In this case, the list of values with possible thresholds for the banned column is given by only one value $[0.5]$. We can apply this procedure to any binary categorical feature. However, one has to convert the non-boolean binary values as Positive/Negative, approved/disapproved, etc, to 0 and 1. In the next lesson, we will cover how to deal with multi-class categorical features.

# Optimal thresholds

We now know how to obtain a list of possible values for a threshold for a feature. The next step is to learn how we choose the values that will be optimal, in other words, the values that will lead to pure leaves with a minimal amount of steps.

Given a decision tree, there are a few different criterions that sklearn can use to achieve an optimal value for the thresholds. Check the criterion variable in the sklearn class for [regression](https://scikit-learn.org/stable/modules/generated/sklearn.tree.DecisionTreeRegressor.html) and [classification](https://scikit-learn.org/stable/modules/generated/sklearn.tree.DecisionTreeClassifier.html) problems if you are interested to know all of them. We will focus on two methods for each class in this introductory lesson.

For regression problems we will explain:

- The Mean Squared Error (MSE),

- The Mean Absolute Error (MAE).

For classification problems we will explain:

- The Gini impurity,

- Entropy & Gini Information Gain.

These methods rely on how effectively the split separates values of the target variable.
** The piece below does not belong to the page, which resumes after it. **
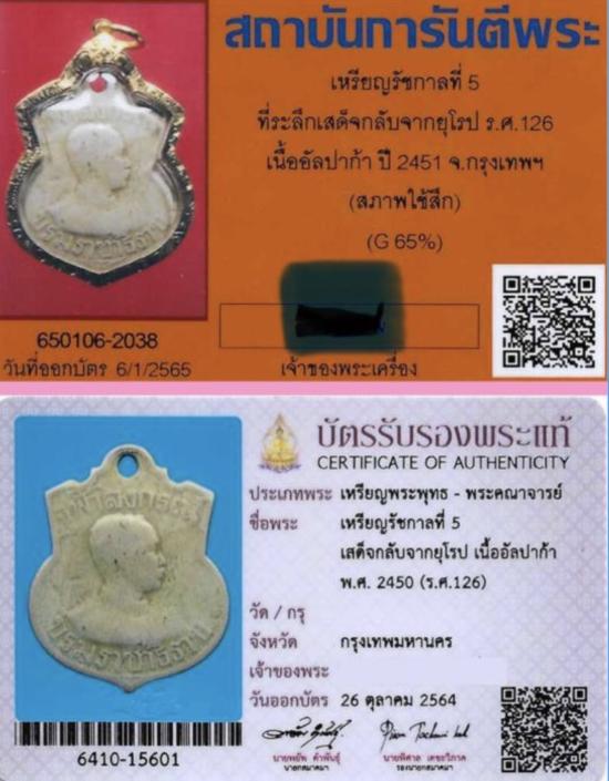 บัตรรับรอง ๒ สถาบัน เสด็จพ่อเสด็จกลับ+เลี่ยมทอง
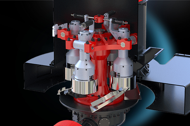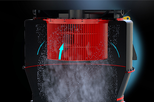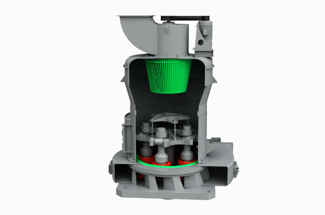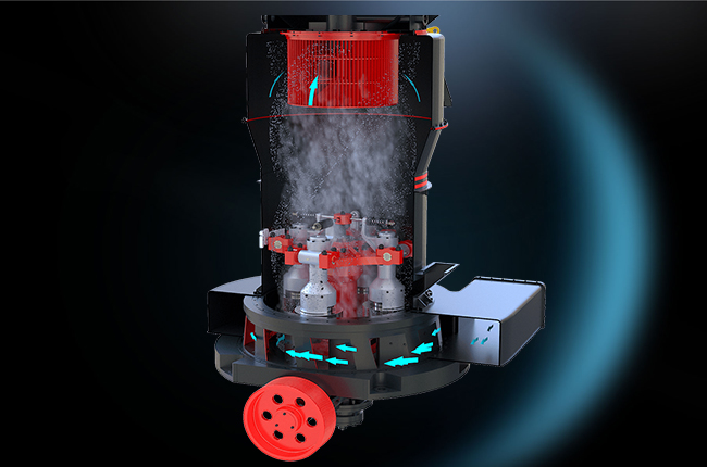 該機結(jié)構(gòu)主要由主機、分析器、風(fēng)機、成品旋風(fēng)分離器、微粉旋風(fēng)分離器及風(fēng)管組成。其中,主機由機架、進風(fēng)蝸殼、鏟刀、磨輥、磨環(huán)、罩殼組成。雷蒙機工作時,將需要粉碎的物料從機罩殼側(cè)面的進料斗加入機內(nèi),依靠懸掛在主機梅花架上的磨輥裝置,繞著垂直軸線公轉(zhuǎn),同時本身自轉(zhuǎn),由于旋轉(zhuǎn)時離心力的作用,磨輥向外擺動,緊壓于磨環(huán),使鏟刀鏟起物料送到磨輥與磨環(huán)之間,因磨輥的滾動碾壓而達到粉碎物料的目的。

Even though the thresholds are conditions imposed on the features, it will be optimal if it splits the values/categories for the target variable faster than their peers. 

## The Mean Squared Error for regression trees

Let's start with the MSE. First, we need to know what we mean by errors. The definition is simple. Take the mean of the target variable and compute the distance of each value of this variable to the mean. These distances are called the **errors**. The mean squared error is the mean of all errors squared. Mathematically:

$$
\text{MSE} =  \frac{\sum^{n}_{i=1}(\bar{x} - x_i)^2}{n},
$$

where, $\bar{x}$, is the mean value for the target variable, $x_i$ are the single values for the target variables and $n$ is the total number of observations in the dataset.

The MSE is a criterion that can be used to find an optimal value of thresholds. The steps we need to perform to find the optimal threshold value are the following:

1 - Consider a value for the threshold. It will split the data into two sets, one that evaluates True and another that evaluates False. 

2 - Compute the MSE for both datasets.

3 - Add both MSEs.

4 - Repeat steps 1-3 for every threshold.

5 - Compare the values of the MSEs and choose the threshold with the lowest MSE value.

Let's apply this criterion to a new toy dataset containing the weekly salary of workers of a casino and the number of hours worked. We already computed the thresholds for the worked_hours feature and found the list $[28, 37.5, 46.5, 55]$. Let's compute the MSE for those values and compare than to find the optimal threshold.








In [15]:
# Read the toy dataset
employees = pd.read_csv('/content/drive/MyDrive/Colab Notebooks/Decision trees/toy_casino_salary.csv')

The calculation will be repetitive so we will define a function that calculate the MSE value given a threshold.

In [16]:
def calculate_mse(data, threshold, feature, target):
  # Step1 - Separate dataset using the threshold for feature variable 
  threshold1_True = data[data[feature] <= threshold]
  threshold1_False = data[data[feature] > threshold] 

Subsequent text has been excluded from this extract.